◆ AIM OF THE TASK: Please give back the lines from the line containing "ネジ止め不要【奥行き25.8㎝】 | asaRulu0511" through the end of the listing below, exactly as written and without pictures.
BEGIN SUPPLIED INFORMATION
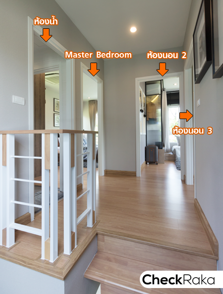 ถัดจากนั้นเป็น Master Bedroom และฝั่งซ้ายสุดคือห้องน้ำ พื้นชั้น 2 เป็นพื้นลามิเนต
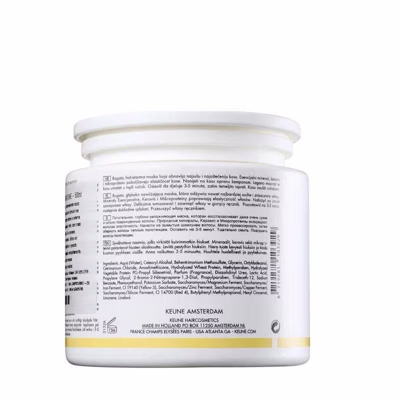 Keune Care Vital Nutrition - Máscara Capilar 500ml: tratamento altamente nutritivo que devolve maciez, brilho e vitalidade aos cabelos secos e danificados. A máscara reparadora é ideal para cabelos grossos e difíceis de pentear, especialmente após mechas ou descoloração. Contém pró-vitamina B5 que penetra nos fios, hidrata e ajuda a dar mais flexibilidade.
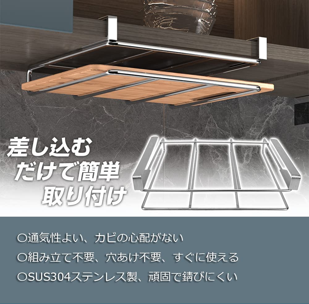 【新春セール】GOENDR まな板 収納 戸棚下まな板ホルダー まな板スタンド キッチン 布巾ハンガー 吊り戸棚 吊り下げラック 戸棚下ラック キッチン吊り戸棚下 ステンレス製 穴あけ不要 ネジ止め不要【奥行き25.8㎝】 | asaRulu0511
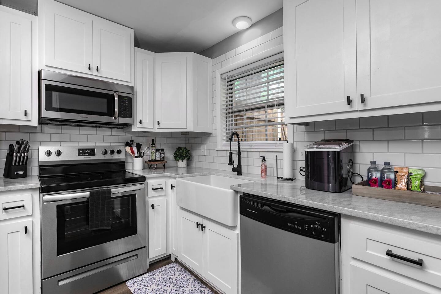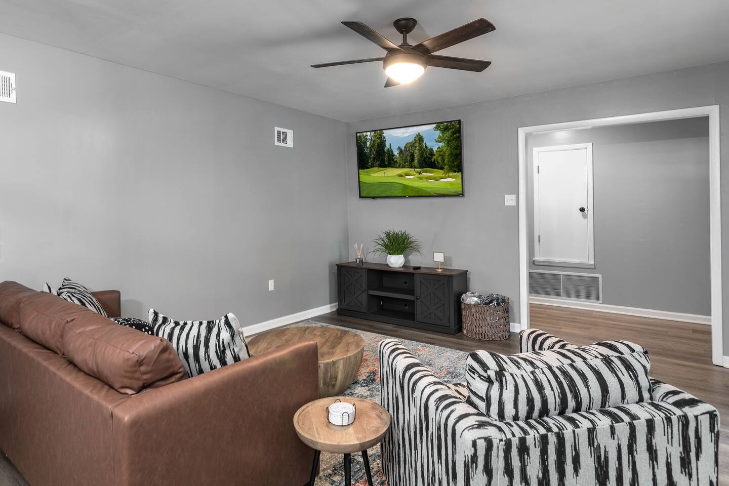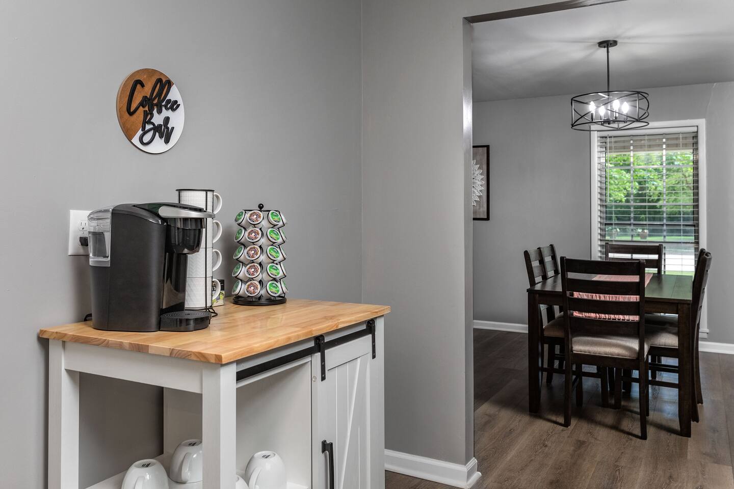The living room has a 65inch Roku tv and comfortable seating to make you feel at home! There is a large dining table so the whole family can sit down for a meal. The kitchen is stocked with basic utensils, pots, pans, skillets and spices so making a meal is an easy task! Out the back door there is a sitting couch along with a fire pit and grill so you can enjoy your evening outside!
END SUPPLIED INFORMATION
◆ YOUR RESPONSE:
 【新春セール】GOENDR まな板 収納 戸棚下まな板ホルダー まな板スタンド キッチン 布巾ハンガー 吊り戸棚 吊り下げラック 戸棚下ラック キッチン吊り戸棚下 ステンレス製 穴あけ不要 ネジ止め不要【奥行き25.8㎝】 | asaRulu0511
The living room has a 65inch Roku tv and comfortable seating to make you feel at home! There is a large dining table so the whole family can sit down for a meal. The kitchen is stocked with basic utensils, pots, pans, skillets and spices so making a meal is an easy task! Out the back door there is a sitting couch along with a fire pit and grill so you can enjoy your evening outside!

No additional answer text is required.